More than two dozen current and former officials involved in counterterrorism were interviewed over the past three months about the opinions and the deliberations on interrogation policy. Most officials would speak only on the condition of anonymity because of the secrecy of the documents and the C.I.A. detention operations they govern.

When he stepped down as attorney general in September after widespread criticism of the firing of federal prosecutors and withering attacks on his credibility, Mr. Gonzales talked proudly in a farewell speech of how his department was “a place of inspiration” that had balanced the necessary flexibility to conduct the war on terrorism with the need to uphold the law.

Associates at the Justice Department said Mr. Gonzales seldom resisted pressure from Vice President Dick Cheney and David S. Addington, Mr. Cheney’s counsel, to endorse policies that they saw as effective in safeguarding Americans, even though the practices brought the condemnation of other governments, human rights groups and Democrats in Congress. Critics say Mr. Gonzales turned his agency into an arm of the Bush White House, undermining the department’s independence.

The interrogation opinions were signed by Steven G. Bradbury, who since 2005 has headed the elite Office of Legal Counsel at the Justice Department. He has become a frequent public defender of the National Security Agency’s domestic surveillance program and detention policies at Congressional hearings and press briefings, a role that some legal scholars say is at odds with the office’s tradition of avoiding political advocacy.

Mr. Bradbury defended the work of his office as the government’s most authoritative interpreter of the law. “In my experience, the White House has not told me how an opinion should come out,” he said in an interview. “The White House has accepted and respected our opinions, even when they didn’t like the advice being given.”

The debate over how terrorism suspects should be held and questioned began shortly after the Sept. 11, 2001, attacks, when the Bush administration adopted secret detention and coercive interrogation, both practices the United States had previously denounced when used by other countries. It adopted the new measures without public debate or Congressional vote, choosing to rely instead on the confidential legal advice of a handful of appointees.
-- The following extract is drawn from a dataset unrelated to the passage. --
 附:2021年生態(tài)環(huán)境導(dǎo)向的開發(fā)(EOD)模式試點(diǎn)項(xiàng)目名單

The policies set off bruising internal battles, pitting administration moderates against hard-liners, military lawyers against Pentagon chiefs and, most surprising, a handful of conservative lawyers at the Justice Department against the White House in the stunning mutiny of 2004. But under Mr. Gonzales and Mr. Bradbury, the Justice Department was wrenched back into line with the White House.
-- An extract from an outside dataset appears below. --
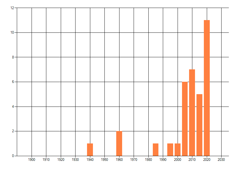 Het aantal atlasblokken (5x5 km) waarin de soort is gemeld binnen een periode van vijf jaar (vanaf 1980) of twintig jaar. Niet gecorrigeerd voor waarnemersinspanning en het aantal doorgegeven waarnemingen kan sterk variëren per periode, dus een trend in verspreiding kan hier niet direct uit worden afgelezen. Het opgegeven jaartal is het eerste jaar van de periode. Bron: gevalideerde waarnemingen uit de NDFF.

After the Supreme Court ruled in 2006 that the Geneva Conventions applied to prisoners who belonged to Al Qaeda, President Bush for the first time acknowledged the C.I.A.’s secret jails and ordered their inmates moved to Guantánamo Bay, Cuba. The C.I.A. halted its use of waterboarding, or pouring water over a bound prisoner’s cloth-covered face to induce fear of suffocation.

But in July, after a monthlong debate inside the administration, President Bush signed a new executive order authorizing the use of what the administration calls “enhanced” interrogation techniques — the details remain secret — and officials say the C.I.A. again is holding prisoners in “black sites” overseas. The executive order was reviewed and approved by Mr. Bradbury and the Office of Legal Counsel.

Douglas W. Kmiec, who headed that office under President Ronald Reagan and the first President George Bush and wrote a book about it, said he believed the intense pressures of the campaign against terrorism have warped the office’s proper role.

“The office was designed to insulate against any need to be an advocate,” said Mr. Kmiec, now a conservative scholar at Pepperdine University law school. But at times in recent years, Mr. Kmiec said, the office, headed by William H. Rehnquist and Antonin Scalia before they served on the Supreme Court, “lost its ability to say no.”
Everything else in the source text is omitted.